Posted by cegan on July 30, 2011

It’s been a while folks, but I had to write about my second visit to Bali in 12 months.  Recent tourist statistics show tourism growth to Bali is being solely met by my fellow Australian’s. If you are looking at June statistics, growth in Australian arrivals increased  35% compared to an international arrival stats of around 9% from June 2010.

I could tell you all about statistics that show that 30,000 a month head to Bali from the western capital and smashes the 40,000 month barrier during peak periods, but that was my last post, a real issue is what tourists from my country are imposing onto Kuta Legian.

An alcohol binged holiday trying to make it the Ibiza for Australians, particularly the young and restless from Perth and Darwin. The pubs show the Friday Night game between Eagles and Geelong live (game was shown on delay in Perth). Its packed, the eagles song gets screeched out into the Legian streetscape. Barely an Indonesian recipe is on the menu, the order of the day is to sing for Western Australia’s most popular side.

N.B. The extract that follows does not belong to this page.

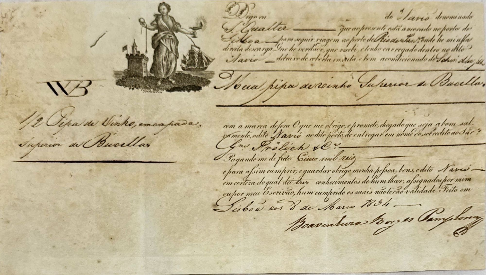 Recibo de entrega de 1/2 pipa de vinho superior de Bucelas ao navio ancorado no Porto de Lisboa, para entregar no Porto do Rio de Janeiro. Pagou de frete cinco mil reis.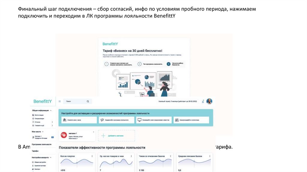 Финальный шаг подключения – сбор согласий, инфо по условиям пробного периода, нажимаемподключить и переходим в ЛК программы лояльности BenefittY

This has been the biggest change, the growth in the Aussie Sportsbars in Legian/Kuta in the last two years and the results of this would be akin to the Spanish experience in Alicante where they find that the British have recreated little Britain in culture and attitudes.

“Gday Mate” is spoken to you in the most crocodile dundee accent you can find, ‘Aussie Beef Pie’ has suddenly found its place on the culinary palate of the local restaurants and I ask, how do the Balinese feel?

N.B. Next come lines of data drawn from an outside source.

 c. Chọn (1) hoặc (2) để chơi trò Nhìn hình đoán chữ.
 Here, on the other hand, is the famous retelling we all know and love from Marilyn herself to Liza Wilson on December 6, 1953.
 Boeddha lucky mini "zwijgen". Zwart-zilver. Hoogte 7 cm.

Tourism is not meant to be like this, tourists go to experience another culture rather than imposing their culture onto another, indeed the Bali I see and ask about  poses a question “Are we this nationalistic?”

Nationalism has been in fashion in recent decades, led by John Howard and its imposing history wars regarding the ‘blackband’ history that was dismissed in favour of celebrating our fabled narritives. But I struggle to see the everyday position of nationalism, particularly in the winter months when Australia’s interest is divided in 3 between Union, League and Aussie Rules.

I come to the conclusion that I have not the opportunity to judge nationalistic sentiment, but are we? We don’t deliver any celebrity based culture to PMs, care about where they live, demand them to be christian or muslim or even believe in anything…

But the love of Bali is different, Australian’s claim how great they are and then impose their love and desire onto the people and due to numbers, business and economics respond.

Indeed it was so much at home when walking in Legian I saw “Chef wanted” in a sign outside of a shop. Ahh, back home I thought in skill shortage Perth, the plethora of Australians are definitely bringing economic joy to the masses.

As I gave my motorbike rider on the last day 50,000 rupiah (5.50 AUD) for a 10 min journey back to Legian, I tell him where I went. Klungkung, Candidasa and Tangaran…”Real Bali he tell’s me”. I then go on my rant about the imposition of Aussie culture on Bali, he agrees with me. The hidden words not being said to tourists, not being said in travel pages…but its there. Balinese want tourism, but don’t want the cultural imperialism that is advocated by so many Australian tourists by what they eat, by what they do in Bali and how they spend. I tell him to “make sure you annoy those Aussie tourists for me”

However as my last post has said, the Real Bali is still there. Around the corner from the hustle and bustle of the upmarket Seminyak, I discovered paddocks with rice farms and a big juicy cow in the paddock. I preach what I say, I went and visited the Court of Justice in the old capital and went to traditional indigenous village that only allows people to marry within the village and is largely shut off from the experience in Kuta/Legian

As progress goes full throttle ahead and as we continue to improve the economic circumstances on Bali, lets make our cultural legacy on Bali one that fosters the historic island’s culture rather than aids in the development of Australian and to some extent West Australian cultural imperialism. You’ll find a fascinating experience and you will be redirecting money to outlets that enhance Balinese culture rather than erodes it.